Since here we have a huge documents, we will divide it into chunks of data (text).

#### 3. Divide documents into chunk of texts

In [5]:
from langchain_text_splitters import RecursiveCharacterTextSplitter
text_splitter = RecursiveCharacterTextSplitter(chunk_size = 1000, chunk_overlap = 200)
documents = text_splitter.split_documents(docs)

In [6]:
documents

[Document(metadata={'source': 'https://docs.langchain.com/oss/python/langchain/overview', 'title': 'LangChain overview - Docs by LangChain', 'language': 'en'}, page_content='LangChain overview - Docs by LangChainSkip to main contentDocs by LangChain home pageLangChain + LangGraphSearch...⌘KAsk AIGitHubTry LangSmithTry LangSmithSearch...NavigationLangChain overviewLangChainLangGraphDeep AgentsIntegrationsLearnReferenceContributePythonOverviewGet startedInstallQuickstartChangelogPhilosophyCore componentsAgentsModelsMessagesToolsShort-term memoryStreamingStructured outputMiddlewareOverviewBuilt-in middlewareCustom middlewareAdvanced usageGuardrailsRuntimeContext engineeringModel Context Protocol (MCP)Human-in-the-loopMulti-agentRetrievalLong-term memoryAgent developmentLangSmith StudioTestAgent Chat UIDeploy with LangSmithDeploymentObservabilityOn this page Create an agent Core benefitsLangChain overviewCopy pageCopy pageLangChain is the easiest way to start building agents and applicatio

#### 4. Vector embedding

In [7]:
from langchain_openai import OpenAIEmbeddings
embeddings = OpenAIEmbeddings()

#### 5. Store vectors into the FAISS vector store data base

In [8]:
from langchain_community.vectorstores import FAISS
vectorstoredb= FAISS.from_documents(documents= documents, embedding= embeddings)

In [9]:
vectorstoredb

<langchain_community.vectorstores.faiss.FAISS at 0x21a7c705750>

### How to query search with the help of similarity search inside this vectorstore db

In [10]:
query = "LangChain is the easiest way to start building"
result = vectorstoredb.similarity_search(query)

In [11]:
result[0].page_content

'LangChain overview - Docs by LangChainSkip to main contentDocs by LangChain home pageLangChain + LangGraphSearch...⌘KAsk AIGitHubTry LangSmithTry LangSmithSearch...NavigationLangChain overviewLangChainLangGraphDeep AgentsIntegrationsLearnReferenceContributePythonOverviewGet startedInstallQuickstartChangelogPhilosophyCore componentsAgentsModelsMessagesToolsShort-term memoryStreamingStructured outputMiddlewareOverviewBuilt-in middlewareCustom middlewareAdvanced usageGuardrailsRuntimeContext engineeringModel Context Protocol (MCP)Human-in-the-loopMulti-agentRetrievalLong-term memoryAgent developmentLangSmith StudioTestAgent Chat UIDeploy with LangSmithDeploymentObservabilityOn this page Create an agent Core benefitsLangChain overviewCopy pageCopy pageLangChain is the easiest way to start building agents and applications powered by LLMs.
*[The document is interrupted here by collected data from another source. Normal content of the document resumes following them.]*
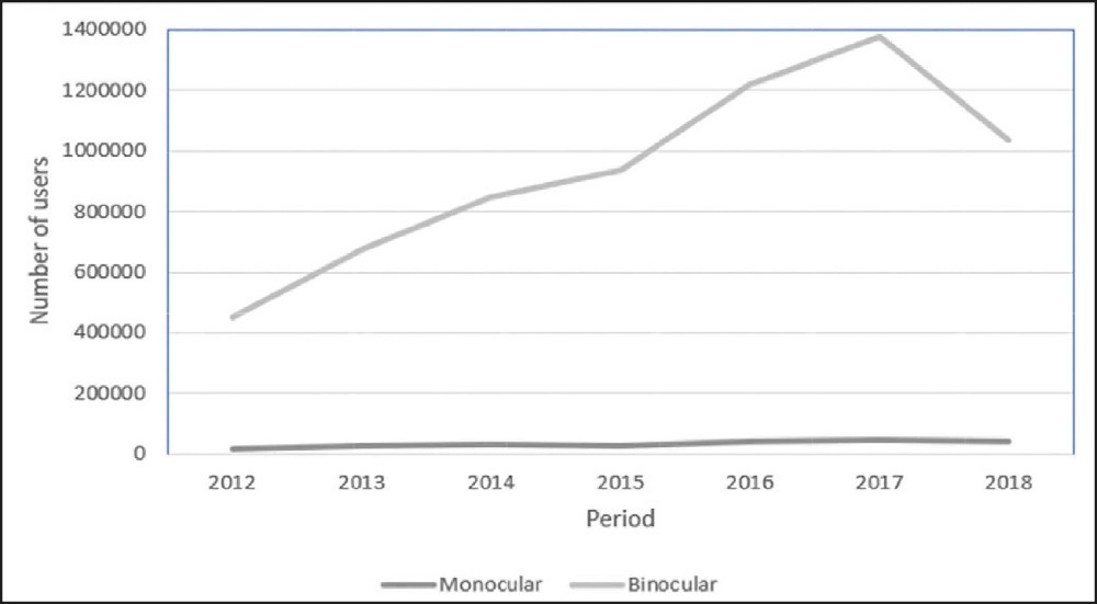 A quantitative and descriptive study was conducted using available data based on the outpatient information system from SUS (SIA/SUS, acronym in Portuguese). The variables were monocular treatment with first, second, and third-line drugs; monocular treatment with combinations of two drugs and three drugs from different lines; binocular treatment with first, second, and third-line drugs; and binocular treatment with combinations of two drugs and three drugs from different lines.
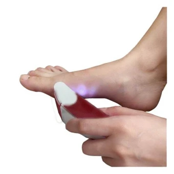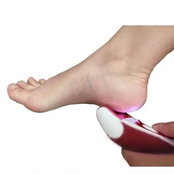 Leicht bedienbarer Pediküre-Roller mit hygienischem Reinigungspinsel und 2 Schleifaufsätzen (grob und fein). Akkubetrieben mit Ladekabel für kabellosen Betrieb. Das handliche Hornhautschleifgerät mit ergonomischem Handgriff und leicht bedienbarem An/Aus-Schalter entfernt sanft und kraftvoll die Hornhaut an Ihren Füßen. So macht Hornhautentfernung Spaß! Schnelles Reinigen des abnehmbaren, freidrehenden Rollenkopfes durch einfaches Klicksystem.
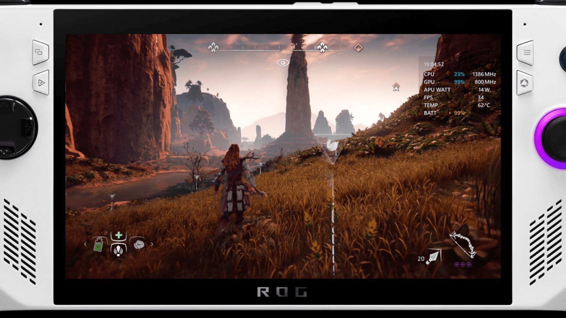 120Hz panel daje dodatkowo możliwość zablokowania wydajności na 40 FPSów przy zachowaniu idealne stabilnego wyświetlania klatek, ze względu na to, że mamy tu dokładnie ⅓ wartości odświeżania. W Steam Decku jest podobna opcja, ale tam wymuszamy po prostu 40Hz – w przypadku ASUS ROG Ally zyskamy lepsze wrażenie płynności, niższe opóźnienia w sterowaniu i zupełnie wyeliminujemy problem niewielkiego migotania obrazu, na które skarżyło się kilka osób. Co ciekawe, w limiterze od ASUSa znajdziemy tylko blokadę na 45FPS, która jest nieprawidłową wartością dla panelu 120Hz i powoduje zauważalne przycinki podczas szybkiego obrotu kamery i ponownie nie zalecam z niego korzystać, a po prostu pobrać sobie RTSS i tam ustawić wydajność dla wybranego tytułu. Dodatkowo ROG Ally daje możliwość ustawienia odświeżania na 60Hz, ale nie warto tego robić, bo różnica w żywotności pracy akumulatora jest znikoma, a przy okazji tracimy wsparcie VRR.
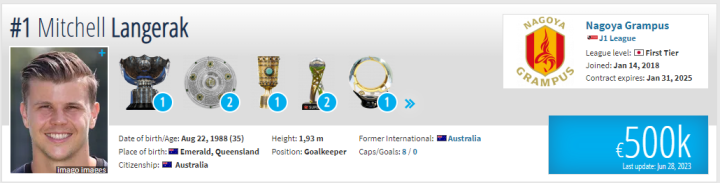由于魏登费勒实在是雷打不动,我都忘了多特还有个澳大利亚门将。朗格拉克也参加了欧冠决赛(没有出场)。他为多特蒙德效力5年,出战35场。2015年离开多特后,加盟过斯图加特,莱万特。
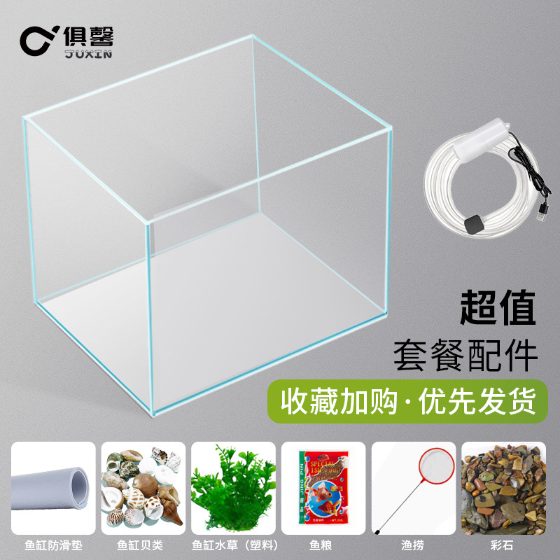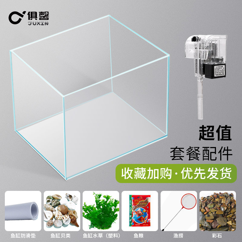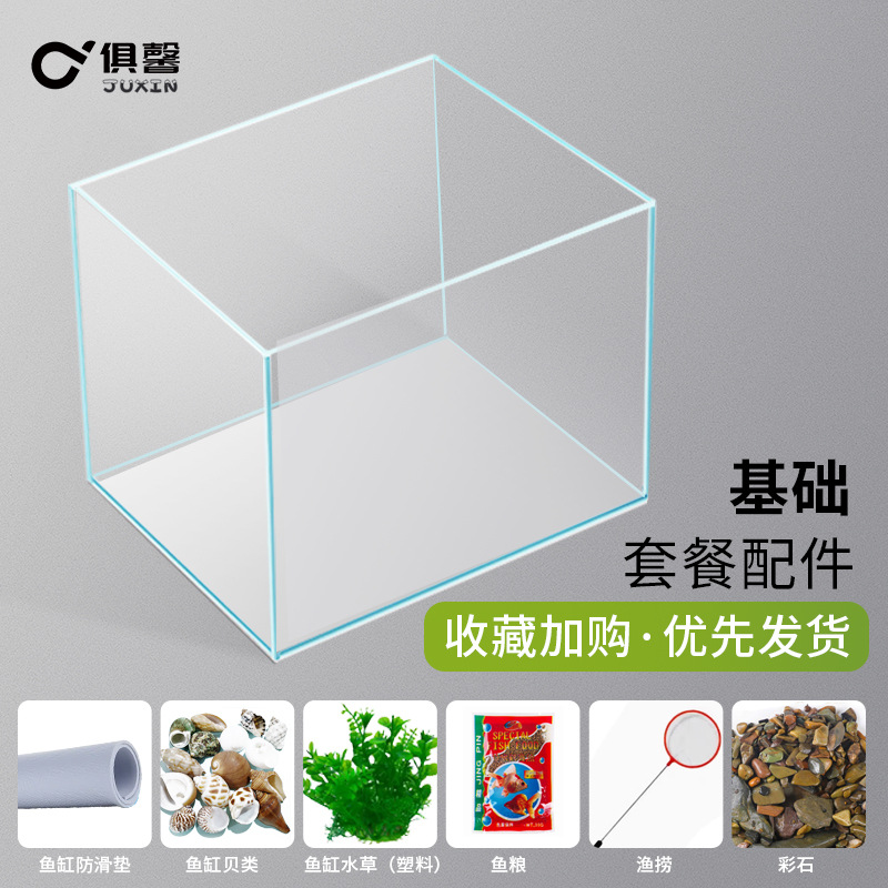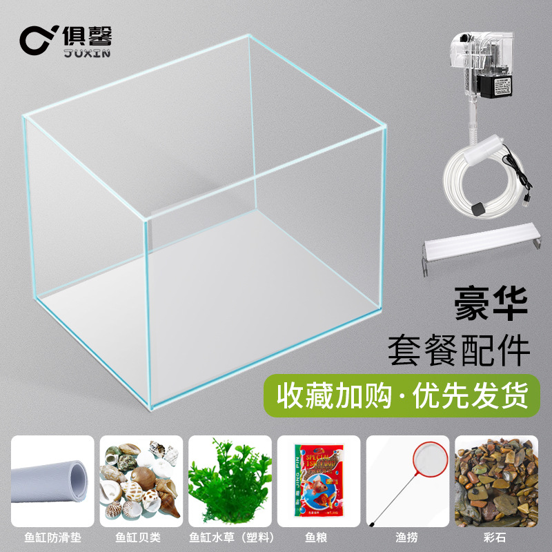 Jinjing 초백색 사각형 수조 고화질 유리 수조 Betta 거북이 관상어 조경 수조 데스크탑 작은 게으른 물고기 수조스토어 가기
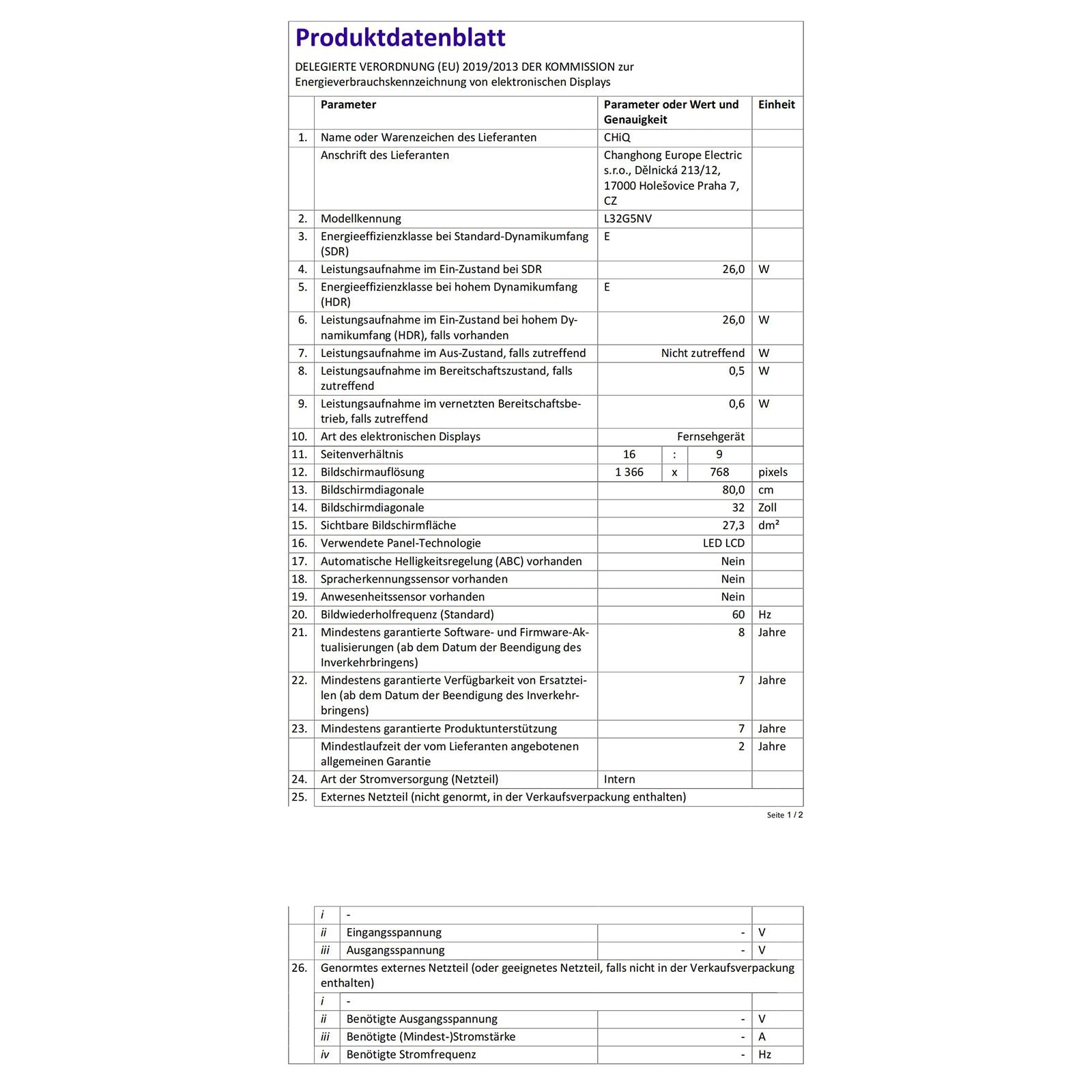 Modellnummer: L32G5NV

With under 10 lines of code, you can connect to OpenAI, Anthropic, Google, and more. LangChain provides a pre-built agent architecture and model'

#### Retrieval Chain

In [12]:
from langchain_openai import ChatOpenAI
llm=ChatOpenAI(model="gpt-4o")

Chat Prompt Template, Chat OpenAI, and String output parser all become combined as a chain

In [18]:
from langchain_classic.chains.combine_documents import create_stuff_documents_chain
from langchain_core.prompts import ChatPromptTemplate

prompt = ChatPromptTemplate.from_template(
    """
    Answer the following question based only on the provided context:
    <context>
    {context}
    </context>
    """
)
document_chain = create_stuff_documents_chain(llm, prompt)
document_chain

RunnableBinding(bound=RunnableBinding(bound=RunnableAssign(mapper={
  context: RunnableLambda(format_docs)
}), kwargs={}, config={'run_name': 'format_inputs'}, config_factories=[])
| ChatPromptTemplate(input_variables=['context'], input_types={}, partial_variables={}, messages=[HumanMessagePromptTemplate(prompt=PromptTemplate(input_variables=['context'], input_types={}, partial_variables={}, template='\n    Answer the following question based only on the provided context:\n    <context>\n    {context}\n    </context>\n    '), additional_kwargs={})])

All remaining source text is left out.